#### [About this task]
Using the entries below, copy exactly each line from the line with "Blush pink watercolor" up to and including the line with "从以上几张统计图表上,我们可", with every picture left out.

#### [Data shown]
+ + + + +
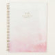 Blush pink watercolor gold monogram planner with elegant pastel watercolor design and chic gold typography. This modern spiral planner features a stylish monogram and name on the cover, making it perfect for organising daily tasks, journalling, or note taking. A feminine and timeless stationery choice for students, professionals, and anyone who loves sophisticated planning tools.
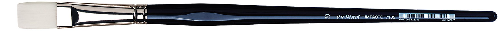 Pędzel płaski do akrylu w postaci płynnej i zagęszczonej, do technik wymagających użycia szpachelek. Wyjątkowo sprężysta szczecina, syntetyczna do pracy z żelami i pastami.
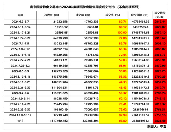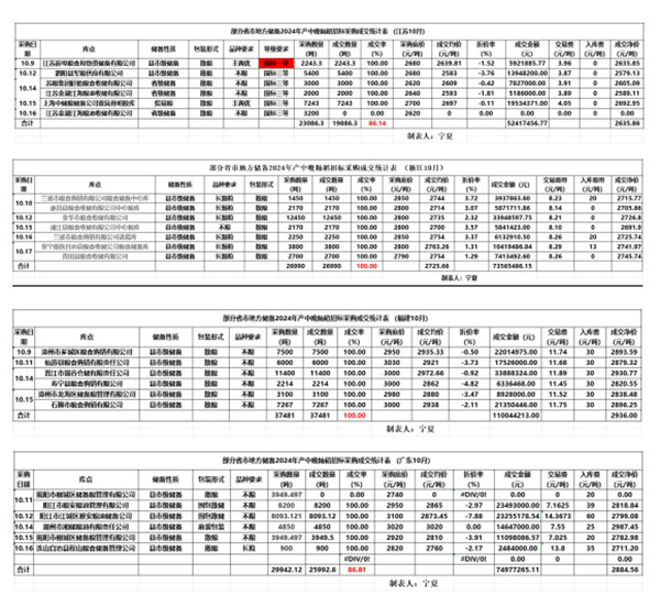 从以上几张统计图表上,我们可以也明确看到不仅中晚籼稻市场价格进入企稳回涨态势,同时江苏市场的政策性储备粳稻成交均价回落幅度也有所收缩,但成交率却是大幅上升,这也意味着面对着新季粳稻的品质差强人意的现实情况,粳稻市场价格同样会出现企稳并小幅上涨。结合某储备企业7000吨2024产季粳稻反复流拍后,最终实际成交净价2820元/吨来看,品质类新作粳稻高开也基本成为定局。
+ + + + +
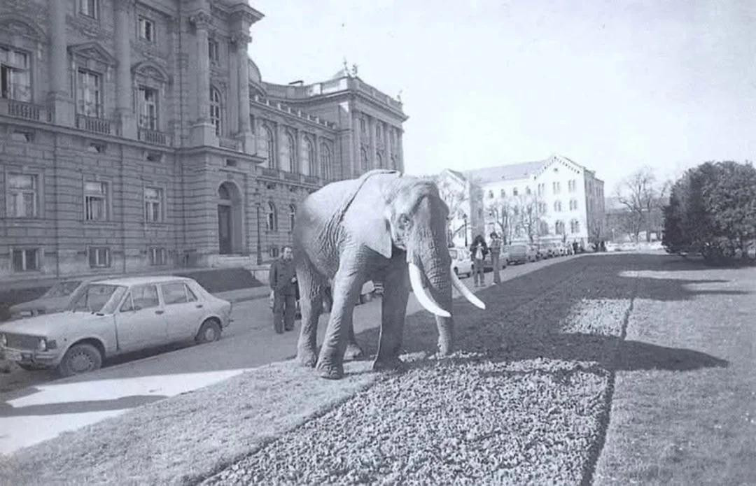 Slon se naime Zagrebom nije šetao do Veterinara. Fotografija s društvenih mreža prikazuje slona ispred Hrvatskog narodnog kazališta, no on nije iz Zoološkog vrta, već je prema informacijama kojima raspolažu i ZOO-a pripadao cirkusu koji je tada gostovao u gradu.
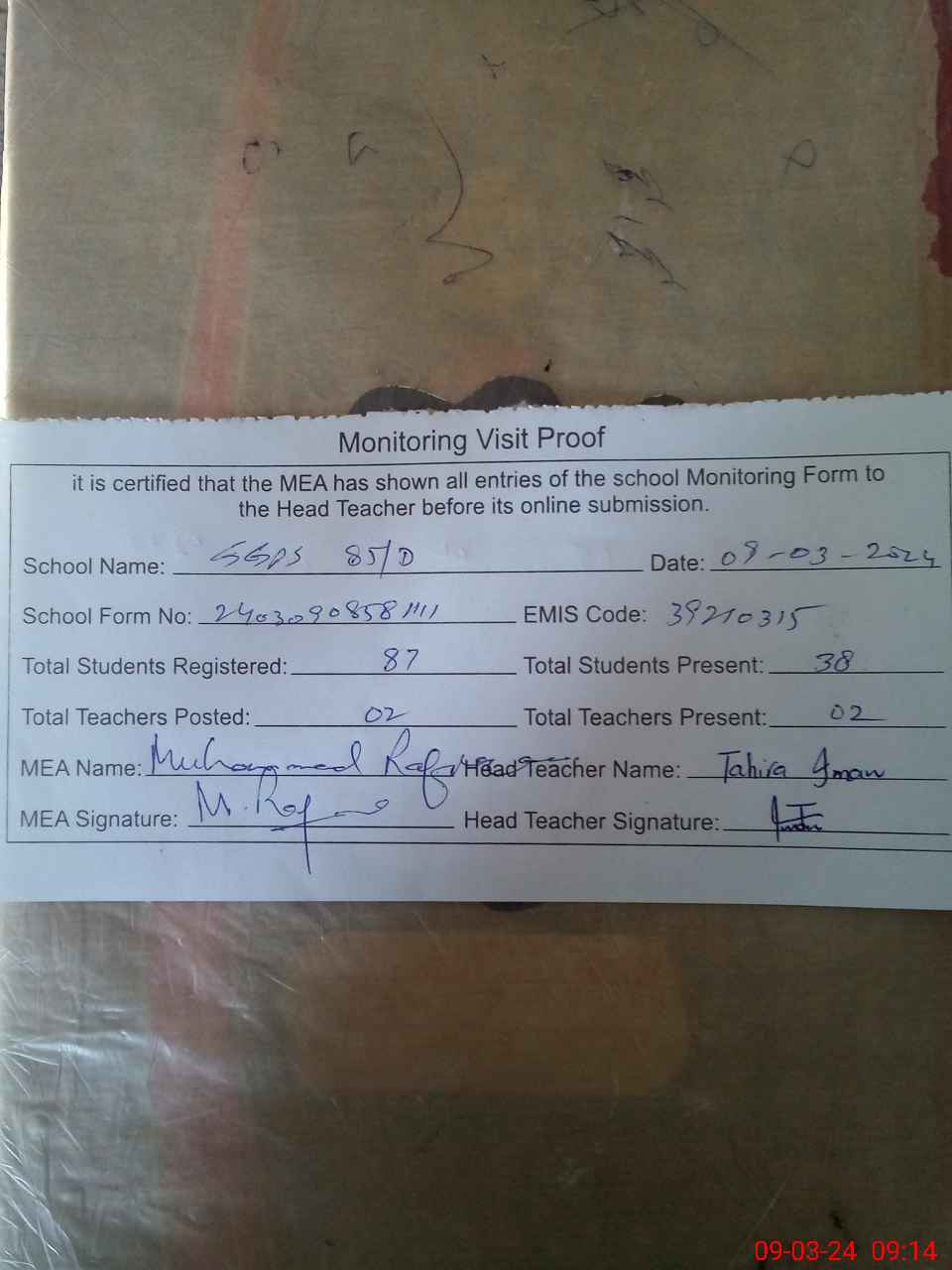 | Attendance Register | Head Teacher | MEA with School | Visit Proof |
+ + + + +
#### [Task solution]
 Blush pink watercolor gold monogram planner with elegant pastel watercolor design and chic gold typography. This modern spiral planner features a stylish monogram and name on the cover, making it perfect for organising daily tasks, journalling, or note taking. A feminine and timeless stationery choice for students, professionals, and anyone who loves sophisticated planning tools.
 Pędzel płaski do akrylu w postaci płynnej i zagęszczonej, do technik wymagających użycia szpachelek. Wyjątkowo sprężysta szczecina, syntetyczna do pracy z żelami i pastami.
 从以上几张统计图表上,我们可以也明确看到不仅中晚籼稻市场价格进入企稳回涨态势,同时江苏市场的政策性储备粳稻成交均价回落幅度也有所收缩,但成交率却是大幅上升,这也意味着面对着新季粳稻的品质差强人意的现实情况,粳稻市场价格同样会出现企稳并小幅上涨。结合某储备企业7000吨2024产季粳稻反复流拍后,最终实际成交净价2820元/吨来看,品质类新作粳稻高开也基本成为定局。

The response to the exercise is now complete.